Phase 6 — under-contract dispatch

Phase 6 (M250+) extends the Arena to measure not just "did the agent solve the bug?" but "did the agent solve the bug in a compliance-respecting way?"

What "under contract" means

In Phase 5, the only oracle is cargo test. An agent can pass that oracle while emitting code that violates pmat comply check --strict (the project's quality posture: complexity caps, lint rules, allowed-unwrap policy, etc.).

In Phase 6, the oracle is compound:

oracle_passed iff (cargo_test_exit_code == 0
                   AND grep "test result: ok" in test output
                   AND pmat comply check --strict exit_code == 0)

pmat comply runs at the end of the session AND after every Write / Edit if --compliance-enforced is set (per-turn compliance gating).

The four Phase-6-specific outcomes

Outcome	When
`ComplianceFailed { check, turn }`	Cargo test passed, but final-state compliance check rejected.
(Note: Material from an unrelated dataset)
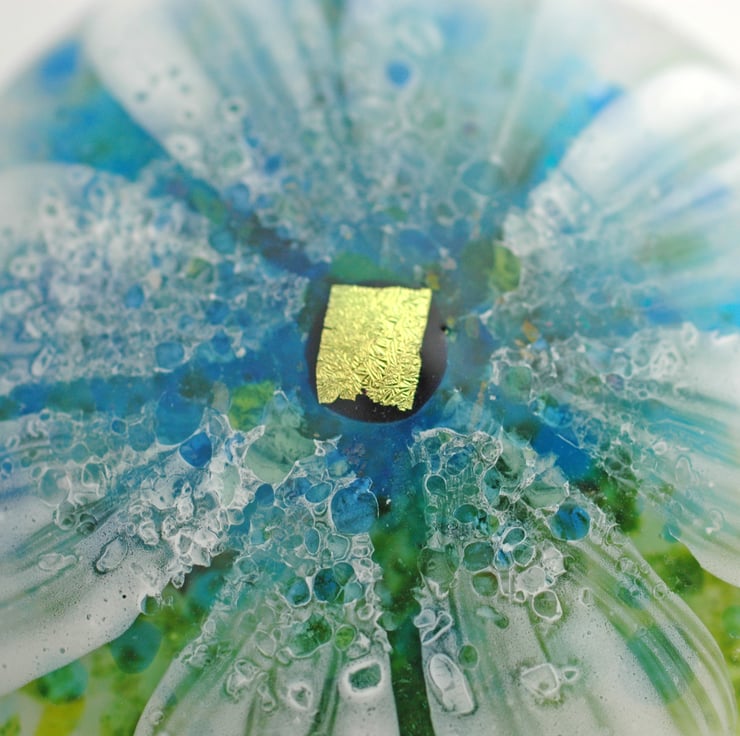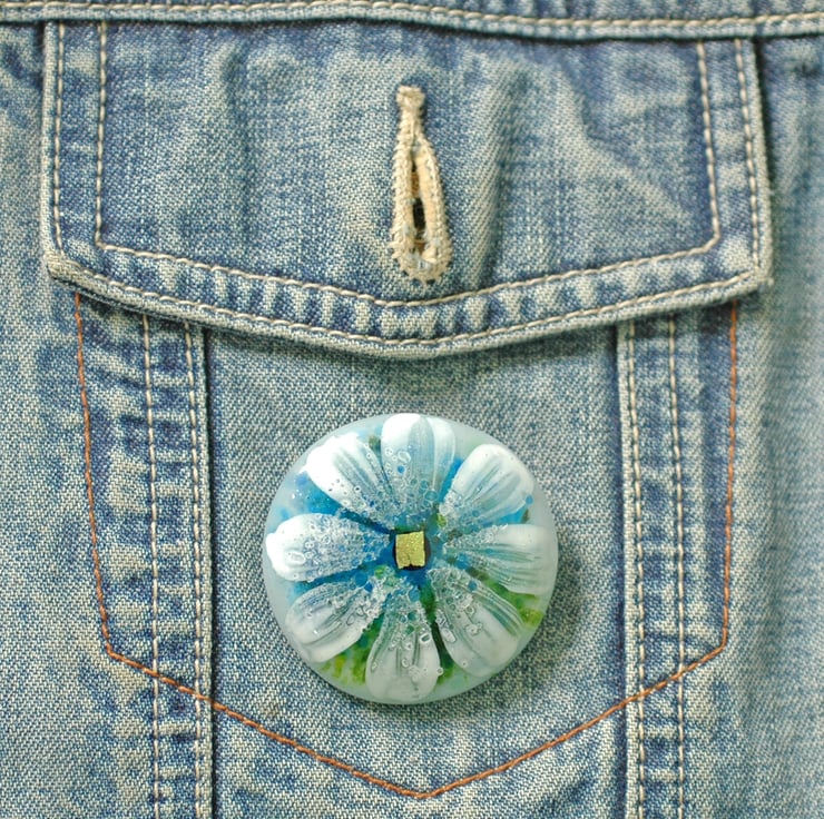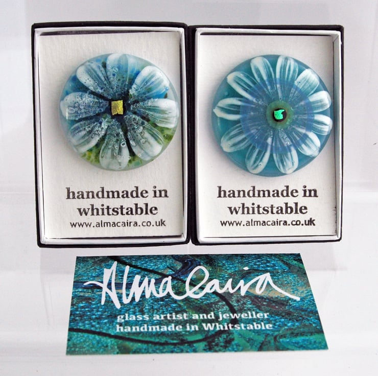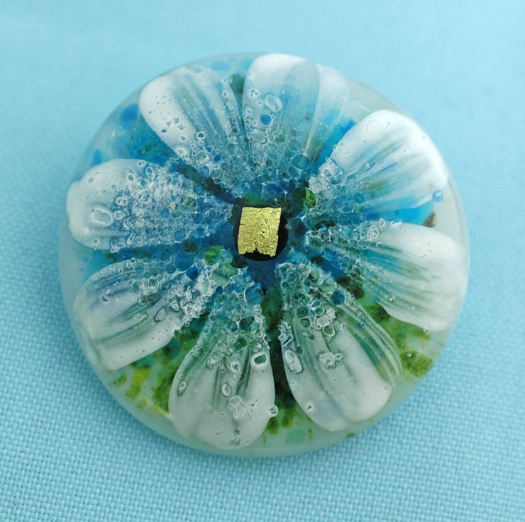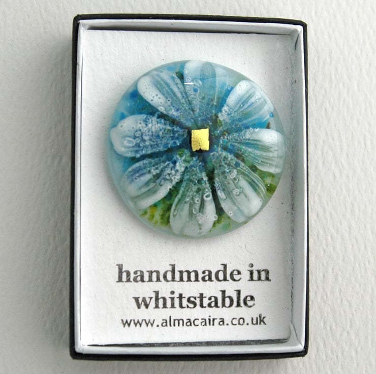Created from layered Bullseye glass in my Whitstable workshop. The white enamel painted flower has a gorgeous dichroic glass centre and sits above a beautiful, blue green background. Plated sterling silver brooch back glued with epoxy resin to create a permanent bond. Supplied in a black card gift box.

Distinct from `OracleFailedAfterMaxTurns`.
`ComplianceTrap { file, last_reason, consecutive_count }`	Same `(file, sha256)` failed compliance N turns in a row (default 3). Saves token cost.
`AgentTextLoop { consecutive_text_turns, last_text_excerpt }` (M292)	N consecutive text-only turns (no tool_call). Opt-in via `PHASE6_MAX_CONSECUTIVE_TEXT_TURNS > 0`.
`OraclePassed` (Phase 6 sense)	BOTH cargo test AND `pmat comply check --strict` pass.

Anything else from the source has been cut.